The best vintage and horse ploughmen in Otago and Southland will be unearthed in Middlemarch this weekend.
Organiser Sean Leslie, of Middlemarch, said about 30 competitors from Otago and Southland would practise ploughing in Middlemarch on Saturday for a qualifying competition the next day.
Ploughmen would be competing on the Sunday between 10am and 3pm.
The public were welcome either day.
Both days would be held on a grazing block owned by the Jopp family, opposite Cottesbrook Station in Moonlight Rd.
The annual national ploughing competition would be held in Palmerston North in April next year where ploughmen would compete across four championship classes - conventional, reversible, horse and vintage.
The ploughmen representing Otago and Southland in the conventional and reversible classes had been selected but 15 vintage ploughmen and three teams of Clydesdale horses would compete in Middlemarch for two spots in both classes to represent Otago and Southland at the nationals.
The Clydesdale horses were always popular with the crowd, Mr Leslie said.

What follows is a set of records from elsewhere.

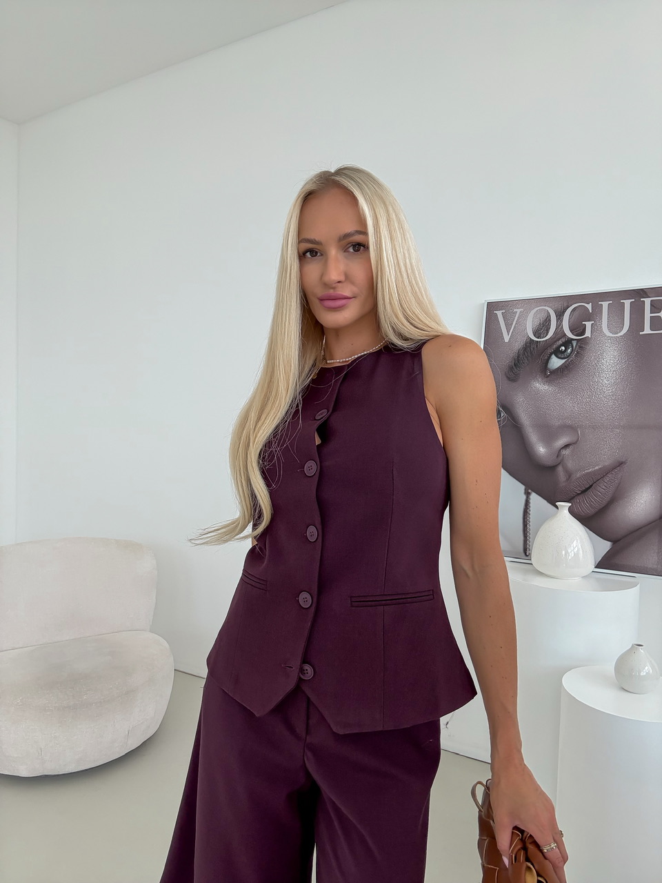 Vesta s jednoradovým zapínaním na gombíky je ideálnym kúskom na doplnenie moderného, ale zároveň nadčasového outfitu. Má okrúhly výstrih, ktorý pôsobí jemne a univerzálne – skvele vynikne samostatne aj v kombinácii s košeľou či tričkom. Precízne spracovanie a čisté línie dodávajú veste sofistikovaný vzhľad, vhodný na bežné nosenie aj formálnejšie príležitosti.
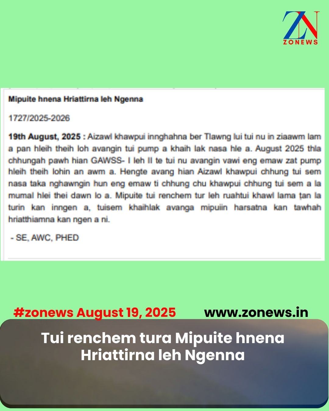#ZONEWS Aizawl August 19, 2025 : Aizawl khawpui innghahna ber Tlawng lui tui nu in ziaawm lam a pan hleih theih loh avangin tui pump a khaih lak nasa hle a. August 2025 thla chhungah pawh hian GAWSS- I leh II te tui nu avangin vawi eng emaw zat pump hleih theih lohin an awm a. Hengte avang hian Aizawl khawpui chhung tui sem nasa taka nghawngin hun eng emaw ti chhung chu khawpui chhung tui sem a la mumal hlei thei dawn lo a. Mipuite tui renchem tur leh ruahtui khawl lama ṭan la turin kan inngen a, tuisem khaihlak avanga mipuiin harsatna kan tawhah hriatthiamna kan ngen a ni.
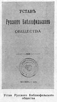В разделе «Задачи Общества» в § 1 сказано: «Русское библиофильское общество учреждается в Москве и имеет задачи: культивировать истинную любовь и уважение к книге и содействовать объединению лиц, преданных библиофилии» (166).
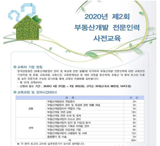 교육대상은 '부동산개발업의 관리 및 육성에 관한 법률 시행령'에 따른 부동산개발 전문인력(변호사, 회계사, 공인중개사 등)이다.
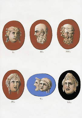 I. Masque de satyre, II. Masque tragique de femme, III. Masque d´un vieillard à visage paisible, IV. Masque comique de femme, V. Masque satyrique, VI. Masque de faune. (Cornaline, Saphir).
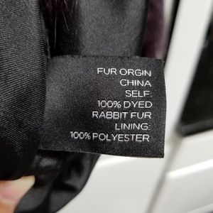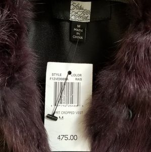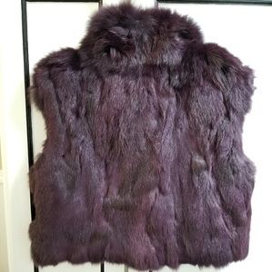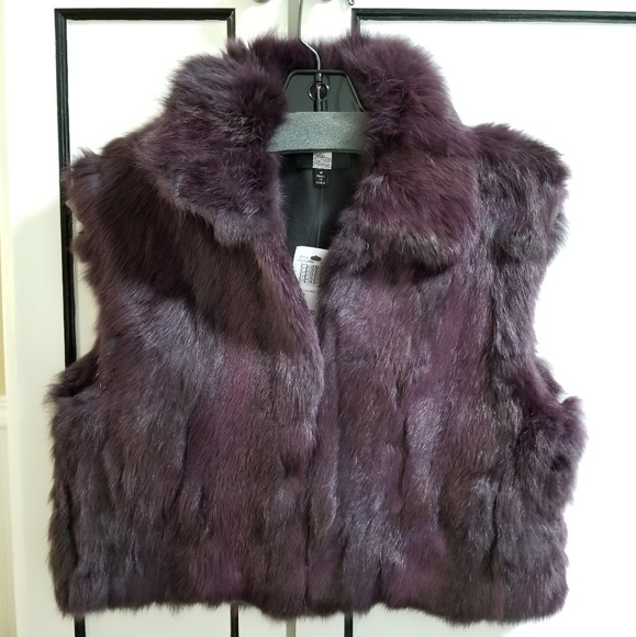 Brand new with tags Saks Fifth Avenue 100% rabbit fur cropped vest in an amazing raisin color purple. Size Medium. Black inside, foldable collar, and 2 front hook closures (see picture). Doing some closet cleaning and thought someone else should give this some love since I haven't been able to.
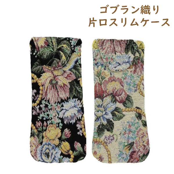薄型 花柄 ゴブラン織りスリムメガネケース 小物入れ 片口タイプ

''That's how New Zealand was broken in - horses pulled everything. It's cool watching horses plough, because there is quite an art to it.''
Taieri Ploughing Association chairman John Thornton will judge the Middlemarch competition.
The Momona dairy farmer has won three national ploughing titles between 1975 and 1985 and represented New Zealand at the world contest which is held annually in any one of the 30 countries affiliated to the World Ploughing Organisation.
During the weekend, he would be looking for ploughmen with ''flair'' who create straight and even furrows - '' a neat and tidy plot with no rough bits, with the grass and the stubble buried''.
A ploughed plot should be easy to walk on and a crop should be able to be drilled straight in, he said.
Mr Thornton expected the earth in Middlemarch to be ''nice and silty'' for the ploughmen to turn a 60m by 20m patch within three hours.